In non-small cell lung cancer, is osimertinib better to use alone or in combination with chemotherapy?

The U.S. Food and Drug Administration (FDA) has approved Osimertinib/Tagressa (Osimertinib) for two indications in patients with epidermal growth factor receptor (EGFR) mutations. Baseline testing for EGFR mutations in plasma may identify a subgroup of patients who benefit most from platinum-pemetrexed plus osimertinib as first-line treatment for advanced non-small cell lung cancer with EGFR mutations, a clinical trial examining osimertinib alone or in combination with chemotherapy.

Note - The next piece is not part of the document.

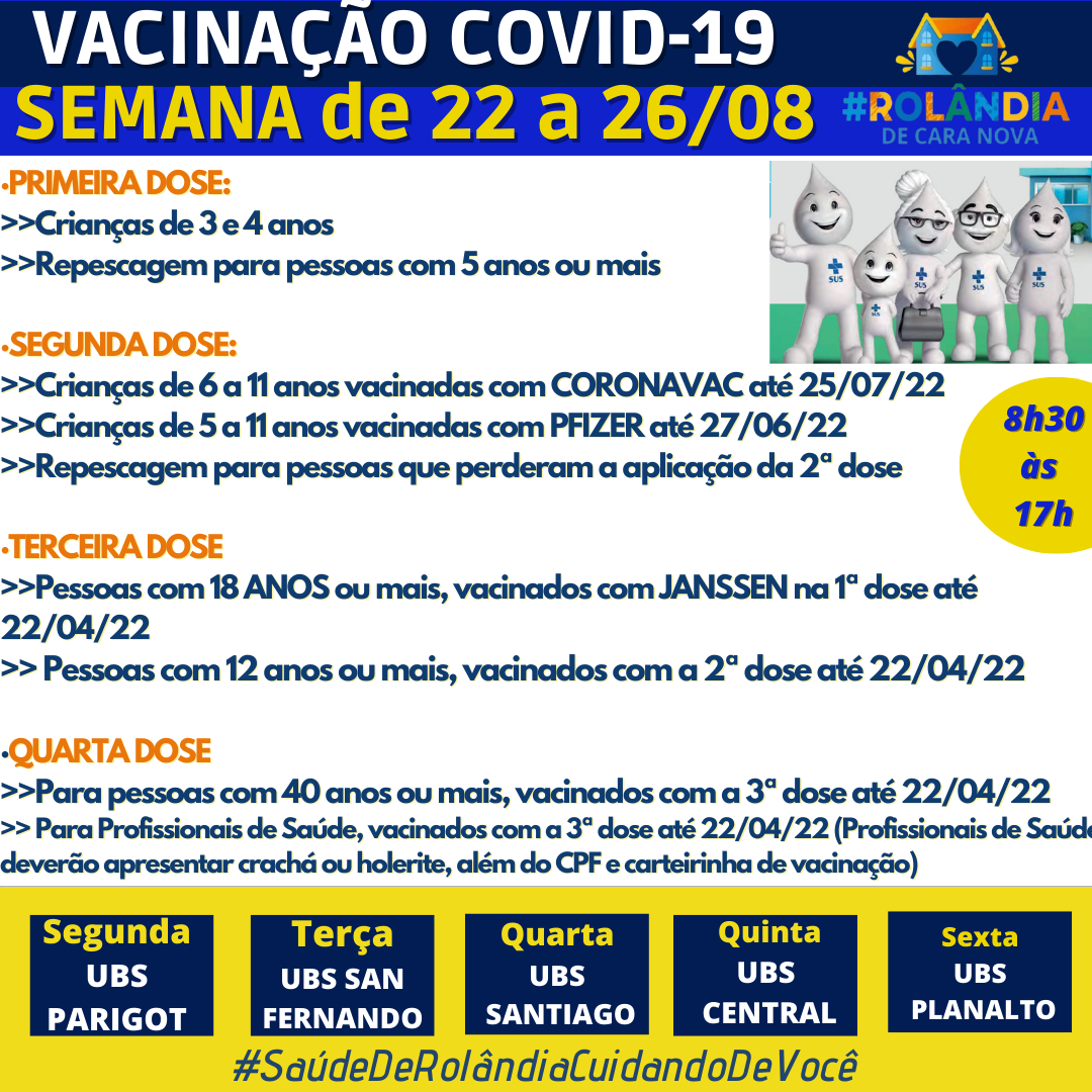 UBS PLANALTO E UBS SANTIAGO ESTARÃO ABERTAS NESTE SÁBADO PARA CAMPANHA DE VACINAÇÃO EM CRIANÇAS E ADOLESCENTESRolândia participa da Campanha Nacional de Vacinação contra a poliomielite (para crianças menores de cinco anos) e Multivacinação...

An exploratory analysis of the FLAURA2 trial found that combination therapy prolonged progression-free survival (PFS) when patients had an EGFR mutation on baseline circulating tumor DNA (ctDNA) testing. In this patient group, patients who received osimertinib plus pemetrexed plus cisplatin or carboplatin had a PFS advantage of nine months compared with those who received osimertinib alone. In contrast, when patients do not have EGFR mutations after baseline ctDNA testing, osimertinib alone appears to provide similar PFS results to combination therapy but with less toxicity.

The FLAURA2 trial randomized 557 patients into two groups. One group received the same dose of osimertinib every day, and the other group received pemetrexed in combination with cisplatin or carboplatin every 3 weeks for 4 cycles, and then every 3 weeks until disease progression or unacceptable toxicity. Patients were tested for Ex19del or L858R EGFR mutations at baseline, 3 weeks, and 6 weeks; baseline mutations were found in 73% of evaluable patients. The study used digital droplet polymerase chain reaction (Biodesix) to test for EGFR mutations, a method not commonly used. Clinicians often use next-generation sequencing, which is less sensitive and can lead to false negatives.

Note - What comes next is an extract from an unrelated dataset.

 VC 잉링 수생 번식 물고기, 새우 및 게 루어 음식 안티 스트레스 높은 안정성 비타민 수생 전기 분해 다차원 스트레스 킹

Among patients with baseline mutations, median PFS was 24.8 months in the combination arm compared with 13.9 months in the osimertinib alone arm (hazard ratio [HR], 0.60). Among patients without baseline mutations, median PFS was similar, 33.3 months in the combination group and 30.3 months in the monotherapy group (HR, 0.93; 95% CI, 0.51-1.72). The researchers also found that baseline mutations were associated with worse outcomes and mutation clearance was associated with improved outcomes, regardless of study group. Clearance occurred faster in patients who received the combination therapy, but almost 90% of patients in both groups cleared their mutations by week 6.

Patients with baselineEGFR mutations also tended to have larger tumors, more brain metastases, and worse performance scores; when these factors are present in patients with baselineEGFR mutations, combination therapy makes sense.